Baha-ud-din Zakariya was a Sufi of Suhrawardiyya order (tariqa). His full name was Al-Sheikh Al-Kabir Sheikh-ul-Islam Baha-ud-Din Abu Muhammad Zakaria Al-Qureshi Al-Asadi Al Hashmi. Sheikh Baha-ud-Din Zakariya known as Bahawal Haq was born at Kot Kehror (Karor Lal Eason), a town of the Layyah District near Multan, Punjab, Pakistan, around 1170. His grandfather Shah Kamaluddin Ali Shah Qureshi Al-Hashmi arrived in Multan
from Mecca en route to Khwarezm where he stayed for a short while. In Tariqat he was the disciple of renowned Sufi master Shaikh Shahab al-Din Suhrawardi who awarded him Khilafat only after 17 days of stay at his Khanqah in Baghdad. For fifteen years he went from place to place to preach Islam and after his wanderings Bahawal Haq settled in Multan in 1222.

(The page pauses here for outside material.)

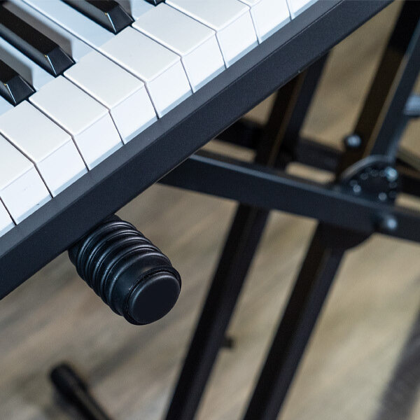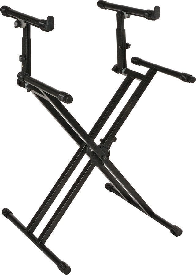 Професійний стенд для клавіатури з додатковою полицею для меншої клавіатури. Конструкція стенду виготовлена зі сталі та має посилену подвійну раму у формі літери X, що забезпечує відмінну стабільність та легку регуляцію.

Baha-ud-din Zakariya died in 1267CE and his mausoleum, Darbar Hazrat Baha-ud-din Zakariya, is located at Multan. The mausoleum is a square of 51 ft 9 in (15.77 m), measured internally. Above this is an octagon, about half the height of the square, which is surmounted by a hemispherical dome. The mausoleum was almost completely ruined during the siege of 1848 by the British, but was soon afterward restored by the Muslims.

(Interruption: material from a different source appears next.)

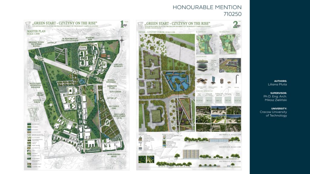“Green Start – Czyżyny on the Rise”, autorka: Liliana Pluta, Politechnika Krakowska. Opieka – dr inż. arch. Miłosz Zieliński.

Baha-ud-din Zakariya had seven sons who gained fame in their own right as great Sufis – Shaykh Sadruddin Arif, Shaykh Burhanuddin, Shaykh Ziauddin, Shaykh Alauddin, Shaykh Qudrat-ud-din, Shaykh Shahab-ud-din, and Shaykh Shams-ud-din. Shaykh Sadruddin Arif’s son was the famous Sufi Shaykh Abul Fath Ruknuddin, also known as Shah Rukn-e-Alam. His progeny dispersed all over India during the coming centuries and produced many famous people in all walks of life and scholarship. His descendants are found in Multan,Gujrat, Chakwal, jhelum, Bhera, Attock (Pourmiana), Lahore, pail district Khushab, Delhi, Meerut, Allahabad.